> _EXERCISE DIRECTIONS_:
After locating the line with "The Vivienne Rooster" below, output it and each following line exactly, stopping after the line with "Купленный в нашей". No pictures.

> _INPUT MATERIAL_:
----------------
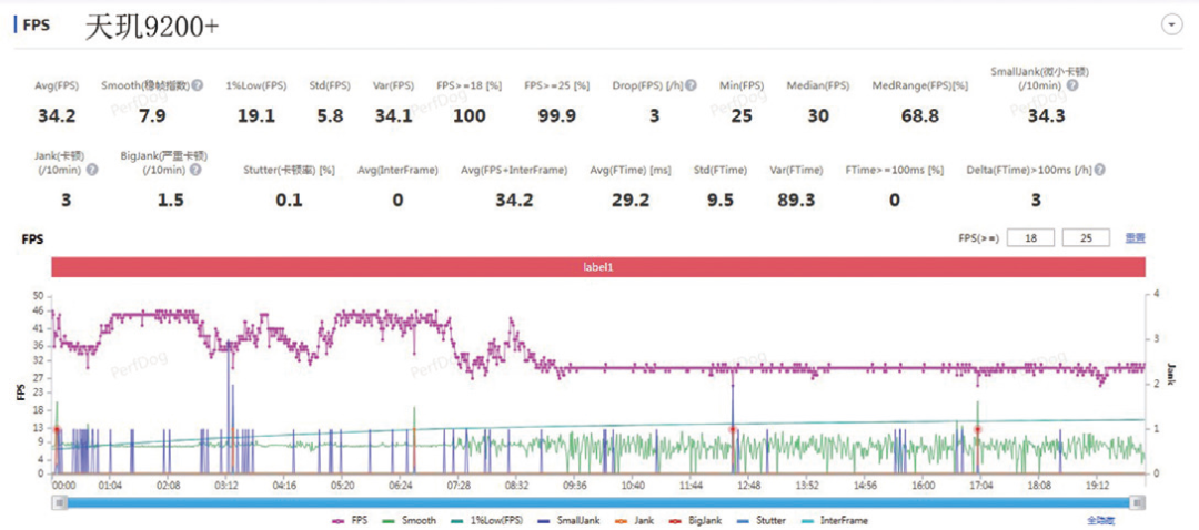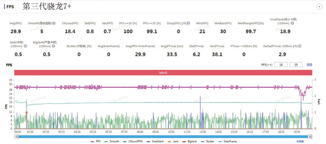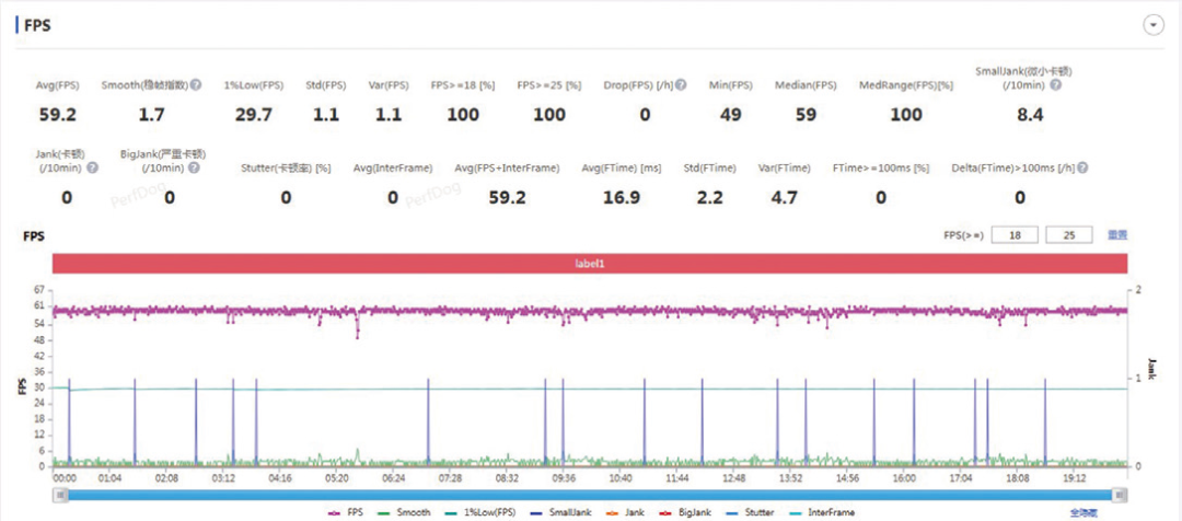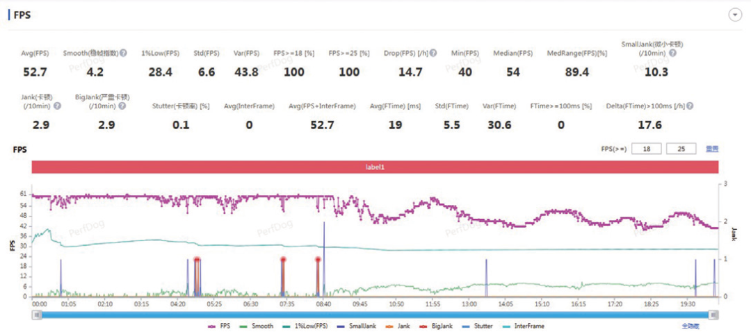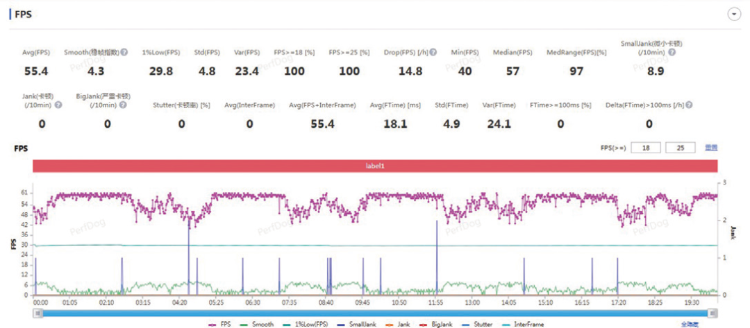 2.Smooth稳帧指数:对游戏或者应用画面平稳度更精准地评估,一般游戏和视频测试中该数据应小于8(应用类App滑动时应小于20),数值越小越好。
----------------
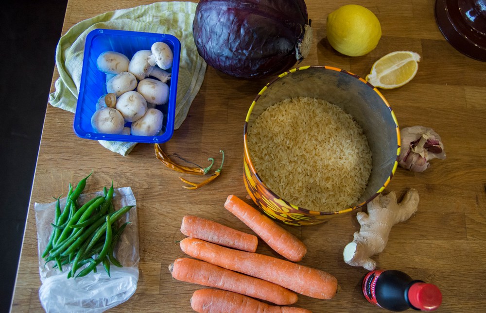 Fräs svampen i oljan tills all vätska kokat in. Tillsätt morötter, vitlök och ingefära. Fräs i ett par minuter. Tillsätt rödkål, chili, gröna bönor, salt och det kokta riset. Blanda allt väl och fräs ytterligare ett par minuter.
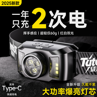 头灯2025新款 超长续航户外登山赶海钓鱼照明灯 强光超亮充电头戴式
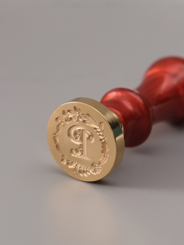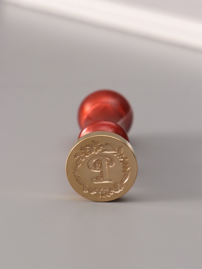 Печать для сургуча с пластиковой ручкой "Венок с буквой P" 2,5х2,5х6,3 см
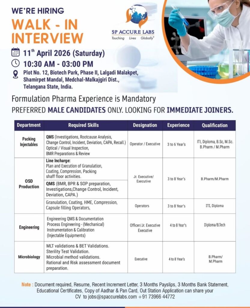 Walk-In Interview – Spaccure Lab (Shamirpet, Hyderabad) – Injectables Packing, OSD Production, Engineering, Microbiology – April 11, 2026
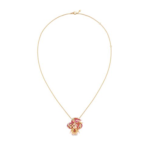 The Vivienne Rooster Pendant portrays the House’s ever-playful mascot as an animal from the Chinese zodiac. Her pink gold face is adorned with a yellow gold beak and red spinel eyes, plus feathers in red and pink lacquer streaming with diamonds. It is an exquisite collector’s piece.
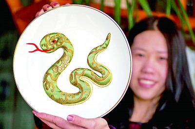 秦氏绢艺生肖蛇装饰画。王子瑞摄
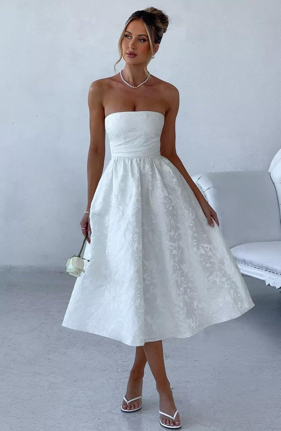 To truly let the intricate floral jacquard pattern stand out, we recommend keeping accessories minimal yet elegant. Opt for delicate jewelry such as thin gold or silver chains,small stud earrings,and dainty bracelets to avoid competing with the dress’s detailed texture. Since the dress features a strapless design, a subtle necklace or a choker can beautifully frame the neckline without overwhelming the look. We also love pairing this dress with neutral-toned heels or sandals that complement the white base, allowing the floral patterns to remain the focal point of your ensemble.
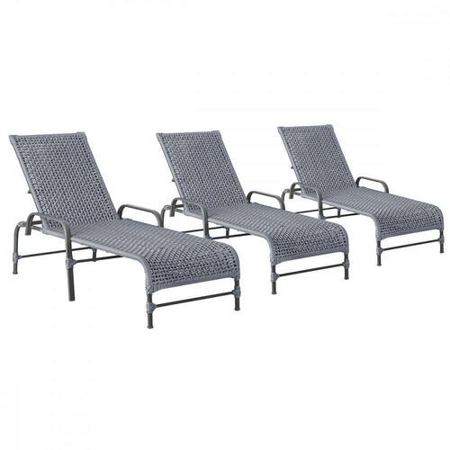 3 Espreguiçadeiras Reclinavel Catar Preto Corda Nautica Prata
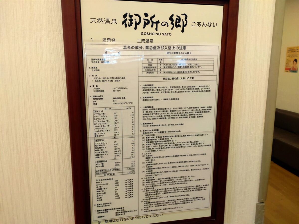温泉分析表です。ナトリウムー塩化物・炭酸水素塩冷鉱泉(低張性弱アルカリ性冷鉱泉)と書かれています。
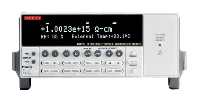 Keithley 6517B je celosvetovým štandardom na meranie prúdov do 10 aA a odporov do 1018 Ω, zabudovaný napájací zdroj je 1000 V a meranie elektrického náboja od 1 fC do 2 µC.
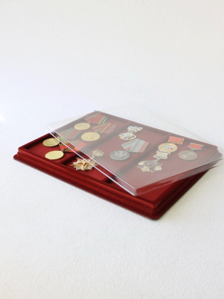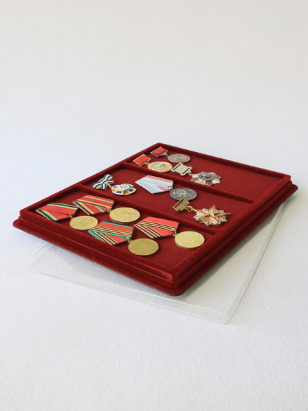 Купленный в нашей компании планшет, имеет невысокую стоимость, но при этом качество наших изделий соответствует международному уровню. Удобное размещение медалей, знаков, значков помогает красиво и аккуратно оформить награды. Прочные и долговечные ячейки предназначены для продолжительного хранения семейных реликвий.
----------------
> _RESULT_:
 The Vivienne Rooster Pendant portrays the House’s ever-playful mascot as an animal from the Chinese zodiac. Her pink gold face is adorned with a yellow gold beak and red spinel eyes, plus feathers in red and pink lacquer streaming with diamonds. It is an exquisite collector’s piece.
 秦氏绢艺生肖蛇装饰画。王子瑞摄
 To truly let the intricate floral jacquard pattern stand out, we recommend keeping accessories minimal yet elegant. Opt for delicate jewelry such as thin gold or silver chains,small stud earrings,and dainty bracelets to avoid competing with the dress’s detailed texture. Since the dress features a strapless design, a subtle necklace or a choker can beautifully frame the neckline without overwhelming the look. We also love pairing this dress with neutral-toned heels or sandals that complement the white base, allowing the floral patterns to remain the focal point of your ensemble.
 3 Espreguiçadeiras Reclinavel Catar Preto Corda Nautica Prata
温泉分析表です。ナトリウムー塩化物・炭酸水素塩冷鉱泉(低張性弱アルカリ性冷鉱泉)と書かれています。
 Keithley 6517B je celosvetovým štandardom na meranie prúdov do 10 aA a odporov do 1018 Ω, zabudovaný napájací zdroj je 1000 V a meranie elektrického náboja od 1 fC do 2 µC.
 Купленный в нашей компании планшет, имеет невысокую стоимость, но при этом качество наших изделий соответствует международному уровню. Удобное размещение медалей, знаков, значков помогает красиво и аккуратно оформить награды. Прочные и долговечные ячейки предназначены для продолжительного хранения семейных реликвий.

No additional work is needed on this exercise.